**Source information**
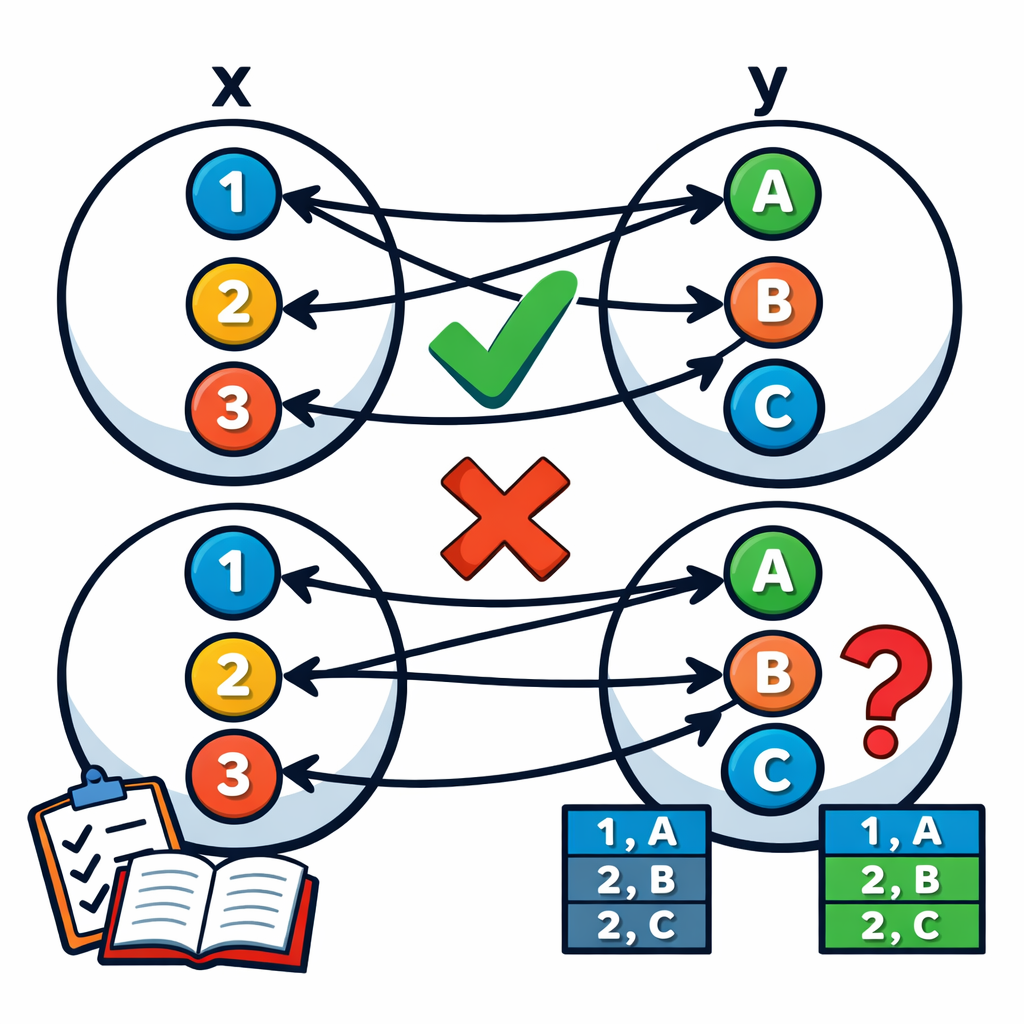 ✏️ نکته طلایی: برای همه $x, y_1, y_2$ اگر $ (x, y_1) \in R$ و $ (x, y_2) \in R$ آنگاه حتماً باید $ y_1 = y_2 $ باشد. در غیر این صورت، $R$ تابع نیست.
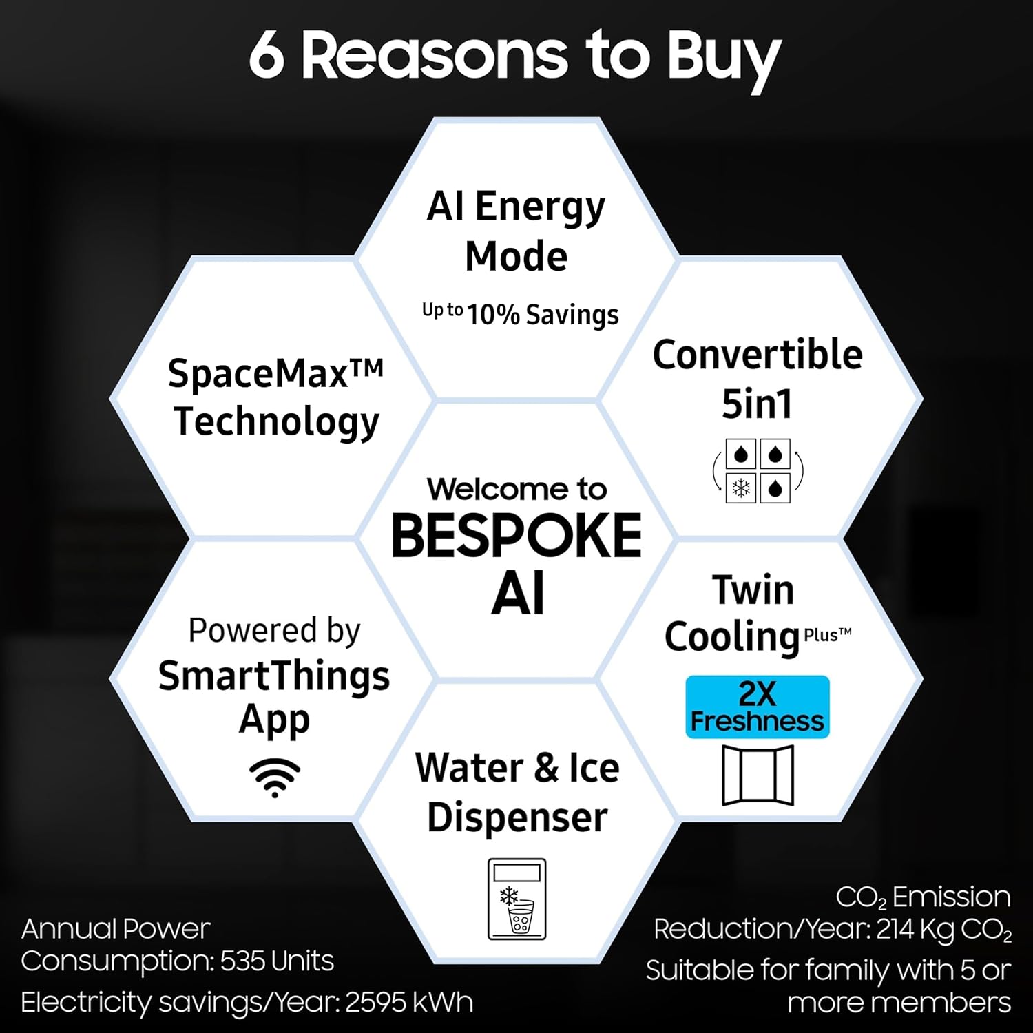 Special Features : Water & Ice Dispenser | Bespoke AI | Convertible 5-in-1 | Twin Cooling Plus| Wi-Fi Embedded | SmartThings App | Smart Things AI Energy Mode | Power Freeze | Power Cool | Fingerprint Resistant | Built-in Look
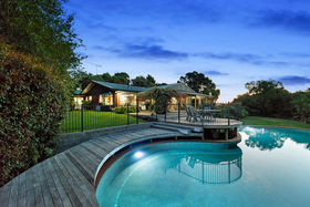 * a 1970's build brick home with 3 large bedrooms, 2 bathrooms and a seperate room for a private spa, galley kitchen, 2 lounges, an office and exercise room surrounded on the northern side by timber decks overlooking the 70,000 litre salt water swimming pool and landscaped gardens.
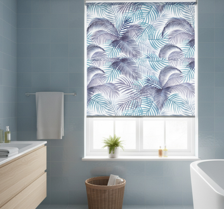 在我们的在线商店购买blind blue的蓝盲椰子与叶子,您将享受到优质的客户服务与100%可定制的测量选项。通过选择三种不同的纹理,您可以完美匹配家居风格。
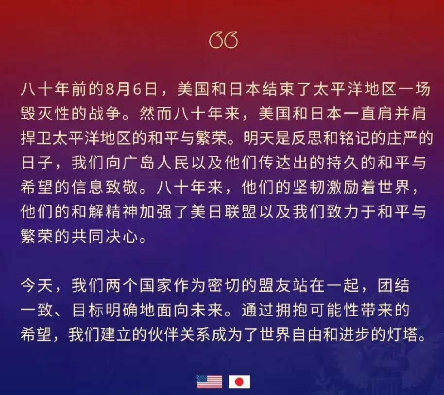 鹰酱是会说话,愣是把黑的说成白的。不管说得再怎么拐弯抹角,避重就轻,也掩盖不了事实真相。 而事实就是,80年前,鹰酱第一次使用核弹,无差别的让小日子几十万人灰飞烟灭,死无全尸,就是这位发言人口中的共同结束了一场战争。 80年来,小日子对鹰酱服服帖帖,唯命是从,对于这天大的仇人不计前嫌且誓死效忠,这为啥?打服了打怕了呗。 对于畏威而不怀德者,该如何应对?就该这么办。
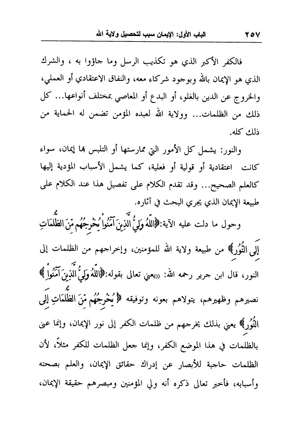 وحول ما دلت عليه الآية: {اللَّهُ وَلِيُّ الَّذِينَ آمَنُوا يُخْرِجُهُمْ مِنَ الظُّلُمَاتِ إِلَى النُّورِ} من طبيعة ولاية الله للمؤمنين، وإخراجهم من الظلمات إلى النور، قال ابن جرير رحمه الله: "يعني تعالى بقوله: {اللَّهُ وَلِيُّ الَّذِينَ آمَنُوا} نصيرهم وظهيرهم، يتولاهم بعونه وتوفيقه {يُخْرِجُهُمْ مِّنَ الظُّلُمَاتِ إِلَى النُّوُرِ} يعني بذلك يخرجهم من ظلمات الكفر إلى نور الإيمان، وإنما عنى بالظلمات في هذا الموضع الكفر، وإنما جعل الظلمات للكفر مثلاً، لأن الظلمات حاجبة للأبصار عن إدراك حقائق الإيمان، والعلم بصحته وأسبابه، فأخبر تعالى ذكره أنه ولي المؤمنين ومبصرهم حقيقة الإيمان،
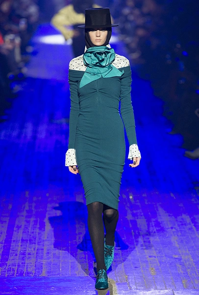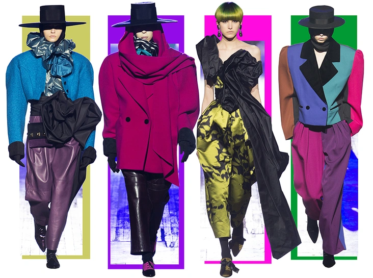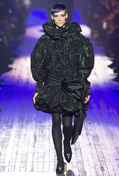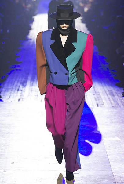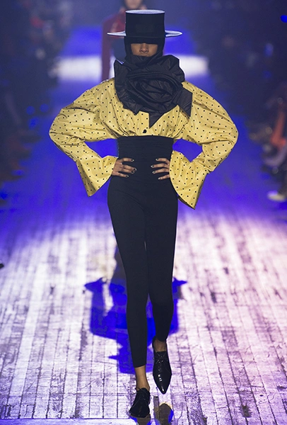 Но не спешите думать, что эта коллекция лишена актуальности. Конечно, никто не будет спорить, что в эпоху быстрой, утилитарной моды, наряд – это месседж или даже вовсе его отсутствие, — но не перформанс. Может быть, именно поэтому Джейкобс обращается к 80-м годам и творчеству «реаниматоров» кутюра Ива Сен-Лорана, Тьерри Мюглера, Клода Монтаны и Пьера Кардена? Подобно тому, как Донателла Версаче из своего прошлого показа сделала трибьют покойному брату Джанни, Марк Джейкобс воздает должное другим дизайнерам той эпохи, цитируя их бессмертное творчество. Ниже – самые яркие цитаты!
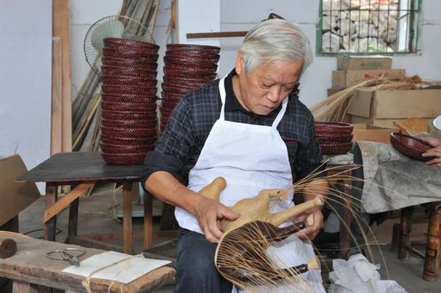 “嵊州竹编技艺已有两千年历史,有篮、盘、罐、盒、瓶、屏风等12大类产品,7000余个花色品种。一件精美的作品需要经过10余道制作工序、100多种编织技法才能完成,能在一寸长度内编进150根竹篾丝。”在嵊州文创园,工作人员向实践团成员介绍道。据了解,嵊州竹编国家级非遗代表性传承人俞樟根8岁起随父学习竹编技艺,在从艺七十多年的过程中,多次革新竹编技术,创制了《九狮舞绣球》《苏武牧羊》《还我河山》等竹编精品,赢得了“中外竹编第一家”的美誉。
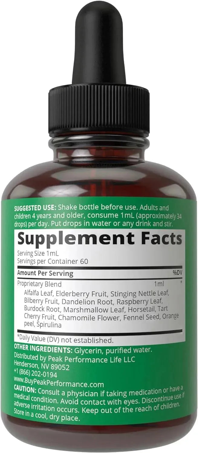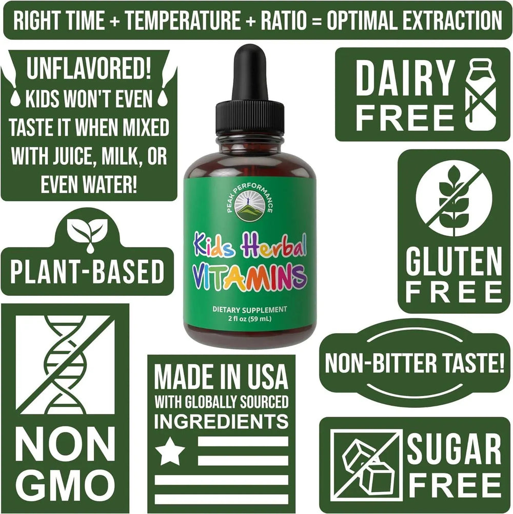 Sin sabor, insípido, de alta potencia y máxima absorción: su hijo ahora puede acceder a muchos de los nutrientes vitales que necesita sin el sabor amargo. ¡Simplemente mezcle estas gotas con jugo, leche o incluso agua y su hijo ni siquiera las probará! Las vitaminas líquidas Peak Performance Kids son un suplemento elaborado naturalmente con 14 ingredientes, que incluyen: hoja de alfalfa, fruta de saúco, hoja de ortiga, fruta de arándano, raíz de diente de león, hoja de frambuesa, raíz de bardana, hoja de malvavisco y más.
* * *
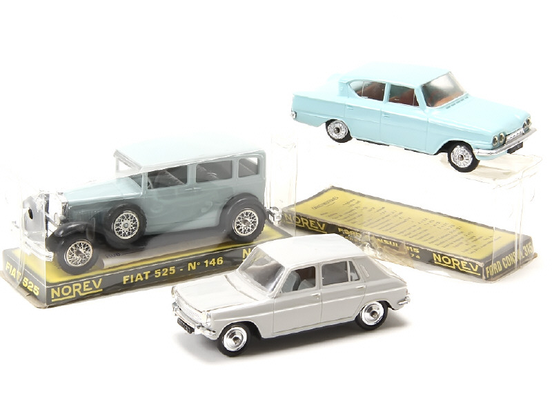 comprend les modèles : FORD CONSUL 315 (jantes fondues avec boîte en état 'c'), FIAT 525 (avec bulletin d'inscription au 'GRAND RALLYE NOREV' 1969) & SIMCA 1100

**Your objective**
Your answer should consist of the lines above between those holding "صورت، $R$ تابع نیست." and "Special Features : Water", inclusive, reproduced word for word and without pictures.

**Completed exercise**
 ✏️ نکته طلایی: برای همه $x, y_1, y_2$ اگر $ (x, y_1) \in R$ و $ (x, y_2) \in R$ آنگاه حتماً باید $ y_1 = y_2 $ باشد. در غیر این صورت، $R$ تابع نیست.
 Special Features : Water & Ice Dispenser | Bespoke AI | Convertible 5-in-1 | Twin Cooling Plus| Wi-Fi Embedded | SmartThings App | Smart Things AI Energy Mode | Power Freeze | Power Cool | Fingerprint Resistant | Built-in Look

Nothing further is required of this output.